Finally, threshold unit costs at which reclaimed water irrigation becomes no longer profitable were determined as the average N B I , f of farms within both watersheds under the three precipitation scenarios when no initial water cost is incorporated.

3. Results

3.1. Crop Yield and Irrigation Demand

Water requirements were determined from the SWAT model, as previously described in Rahman et al. [45] for both the Zekiah and Greensboro watersheds. For an average precipitation year in Maryland, total supplemental water requirements for irrigation were found to be 2,906,950.21 m3 (767.93 Mgal) for 1558.99 ha (3852.37 ac) of cropland in the Zekiah watershed and 20,215,590.46 m3 (5340.39 Mgal) for 10,943.81 ha (27,042.76 ac) of cropland in the Greensboro watershed (Table 4).
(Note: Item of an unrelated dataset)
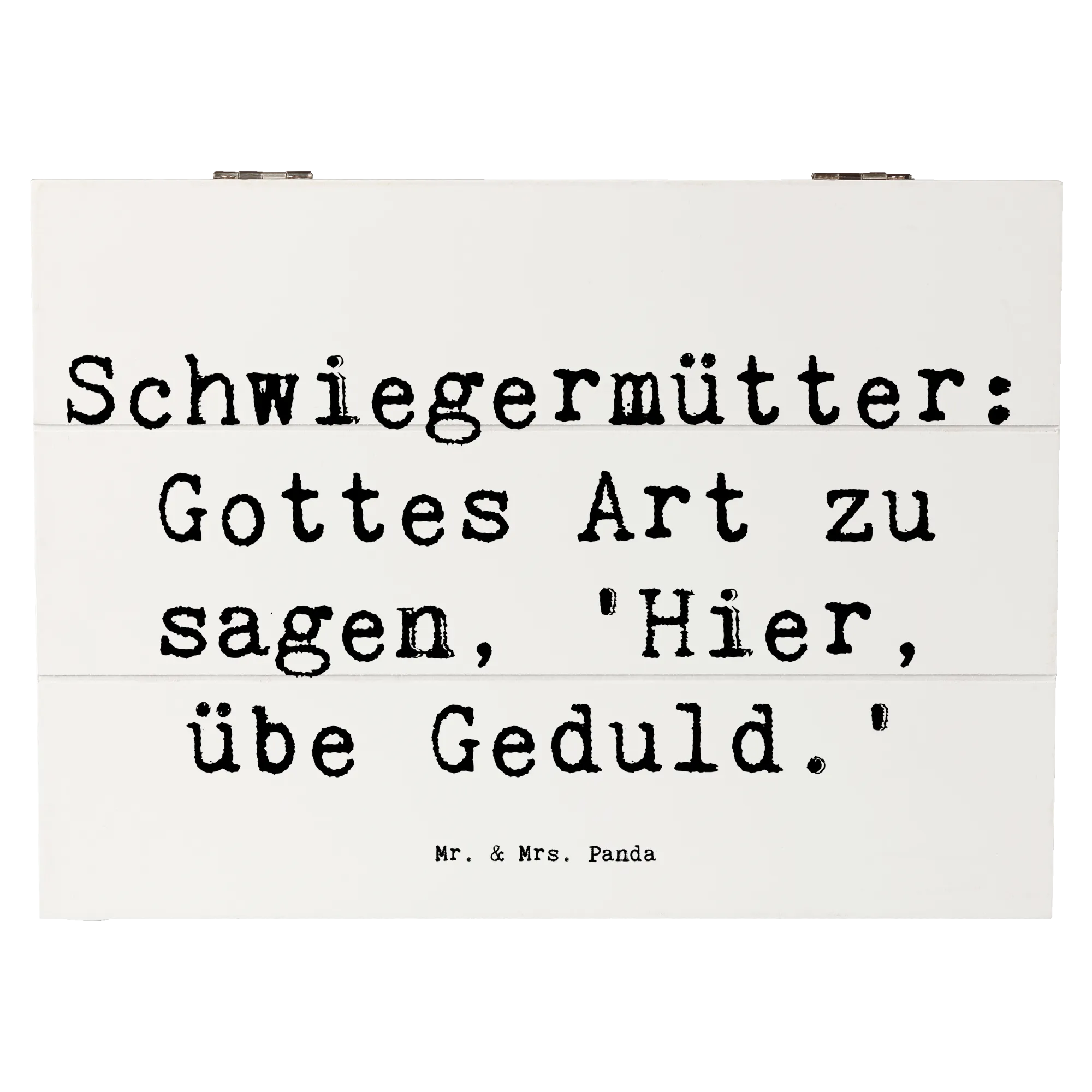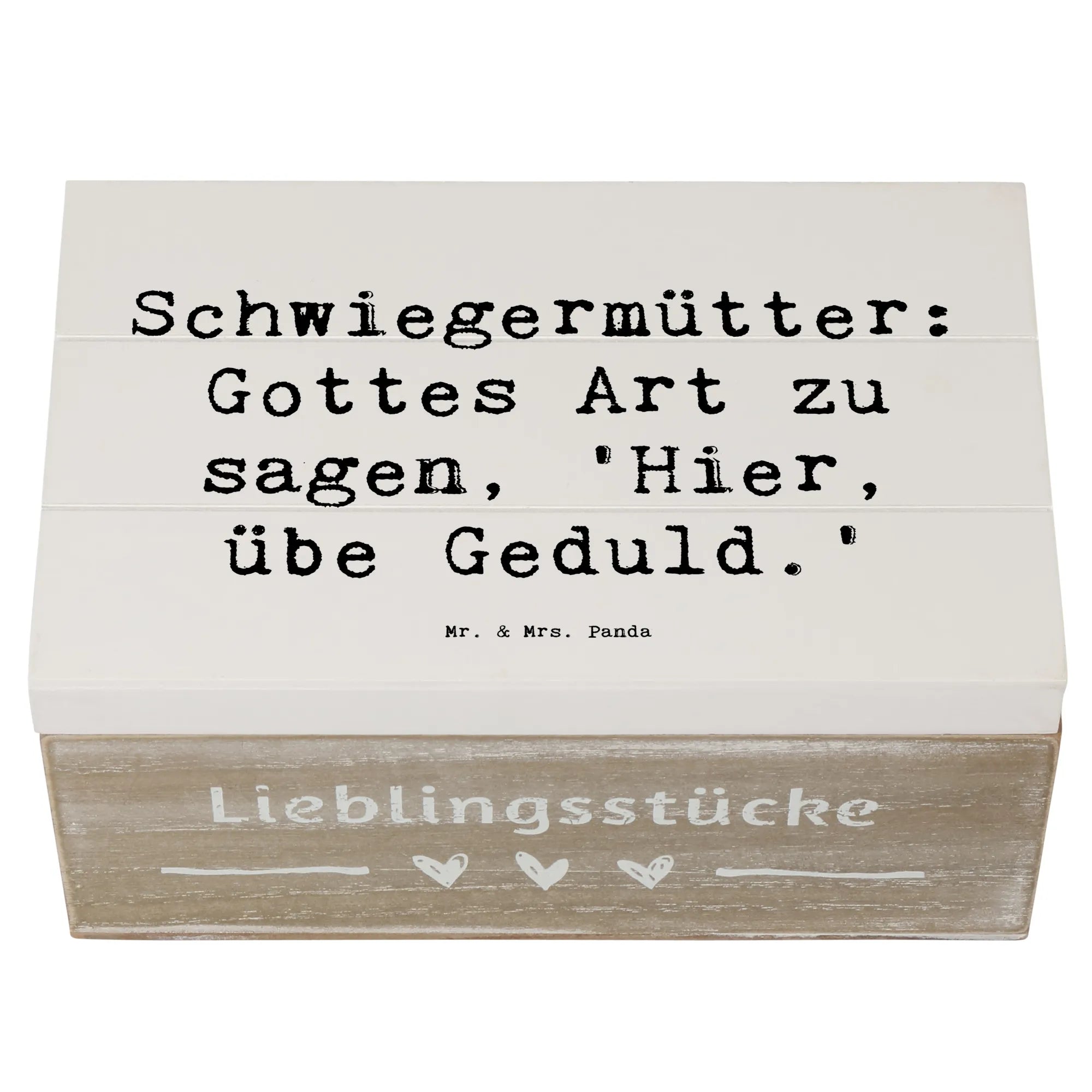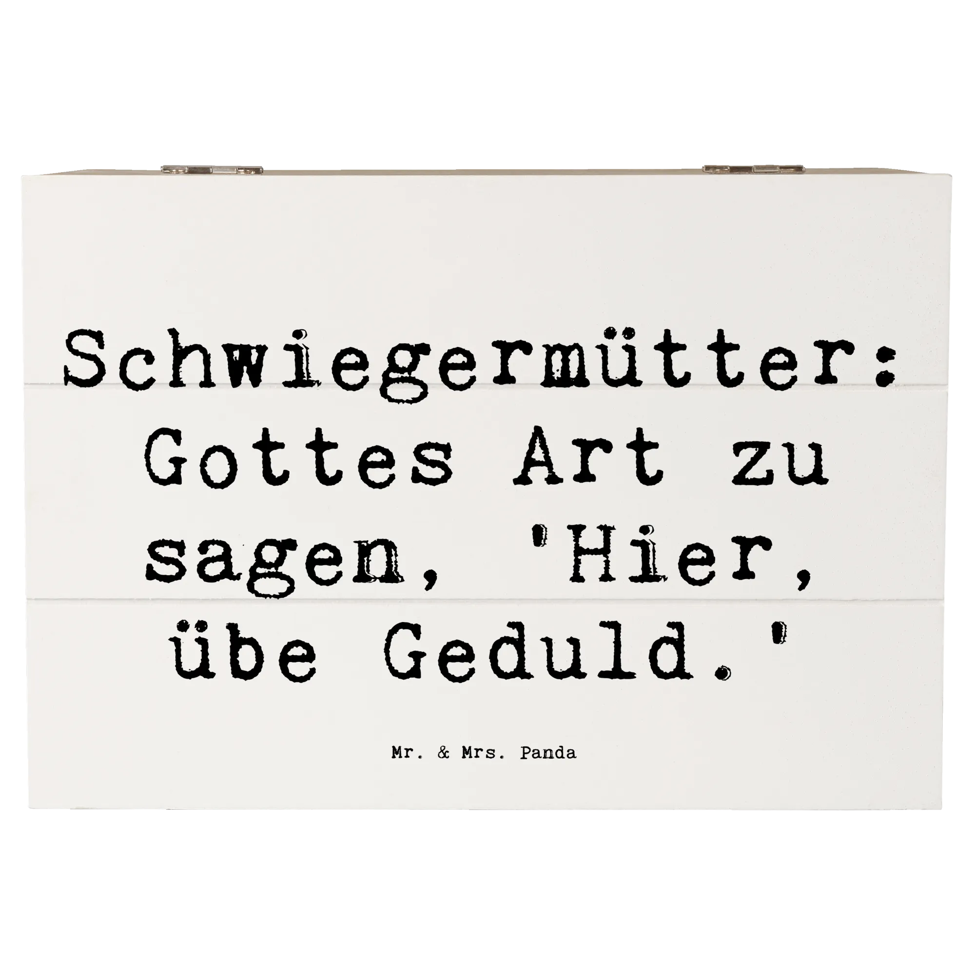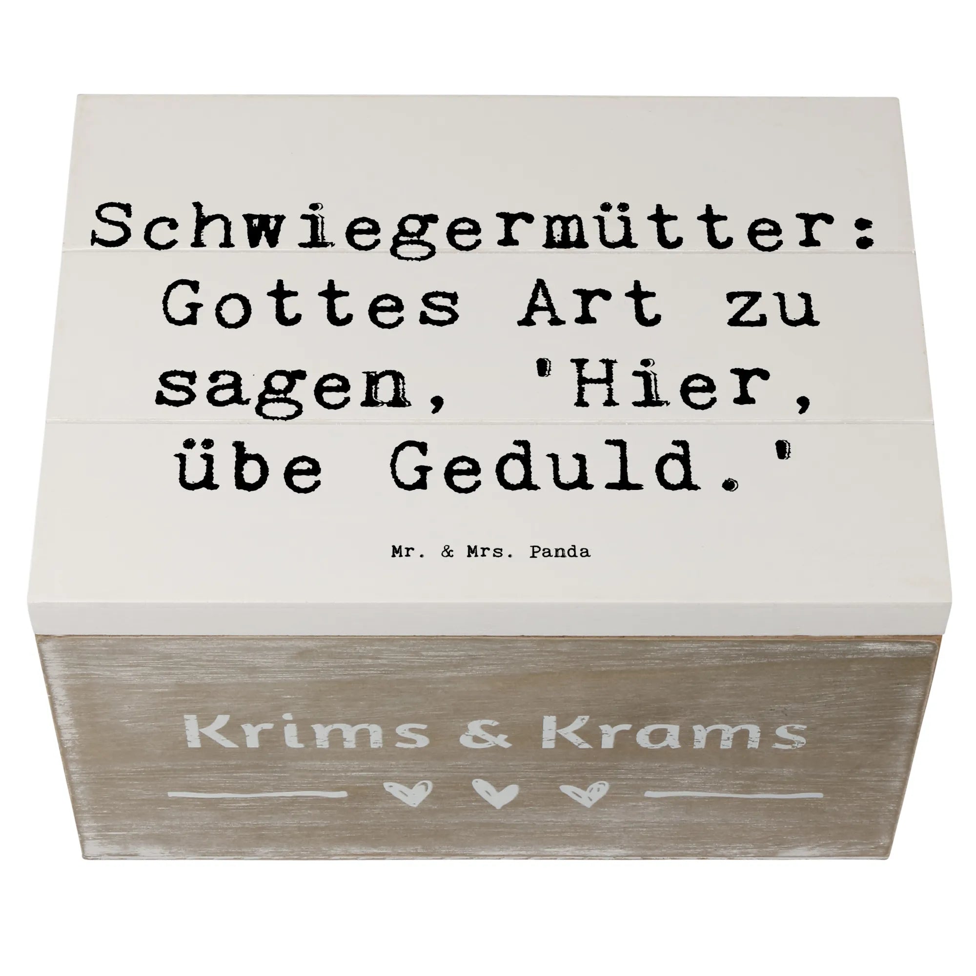 Mit einem charmanten Motiv, das die besondere Rolle der Schwiegermutter innerhalb der Familie feiert, ist diese schicke Kiste ein echter Hingucker. Darüber hinaus ist sie mit dem amüsanten Spruch "Schwiegermütter: Gottes Art zu sagen, 'Hier, übe Geduld.'" versehen, der nicht nur schmeichelt, sondern auch für herzliche Lacher sorgt!

3.2. Zekiah Watershed Feasibility

In the Zekiah watershed, 310 farms, 615.50 ha (1520.95 ac) of cropland, were considered for reclaimed water irrigation. Using ultimate economic benefit (UEB), which considers N B I , distance to a WWTP, conveyance cost, and WWTP capacity, 69 farms can feasibly irrigate (199.89 ha) with reclaimed water when water is priced at $0.20 per m3 during the dry precipitation scenario in the Zekiah watershed. During the wet and average precipitation scenarios, no farms are considered feasible due to a lack of net benefit from irrigation. However, when water is priced at $0.03 per m3 in the Zekiah watershed, 10 farms can feasibly irrigate (2.22 ha) in the wet precipitation scenario, 74 farms can feasibly irrigate (466.82 ha) in the dry precipitation scenario, and 235 farms can irrigate (489.14 ha) in the average precipitation scenario (Figure 6). The maximum number of farms and volume of freshwater conserved are limited by the WWTP water capacities within the region. For the dry precipitation scenario, the fewest number of farms can irrigate with reclaimed water due to the sum of the total water requirement for each farm exceeding total reclaimed water capacity in the Zekiah watershed.
Under the dry precipitation year and $0.03–0.10 per m3 water pricing, a maximum of 1,505,154.72 m3 (397.62 Mgal) of fresh groundwater could be conserved utilizing reclaimed water for irrigation in the Zekiah watershed (Figure 7). This volume of water is limited by regional WWTP capacity (Table 5), rather than UEB, and decreases towards zero m3 as the cost of reclaimed water increases to $0.10 per m3 in the average precipitation scenario and $0.30 per m3 in the dry scenario.
Utilizing the $0.10 per m3 reclaimed water subsidy cost in the Zekiah watershed, an estimated 29.77% of cropland was selected for reclaimed water irrigation under the dry scenario. Selected agricultural land decreases to 12.72% utilizing the $0.20 per m3 pricing under dry conditions in the Zekiah watershed (Figure 8).
Given the average net benefit of farms within the Zekiah watershed, the threshold price for reclaimed water was determined to be $0.17 per m3 under the dry precipitation scenario (Table 4). This represents the highest price that farms could afford before reclaimed water becomes economically infeasible within the Zekiah watershed.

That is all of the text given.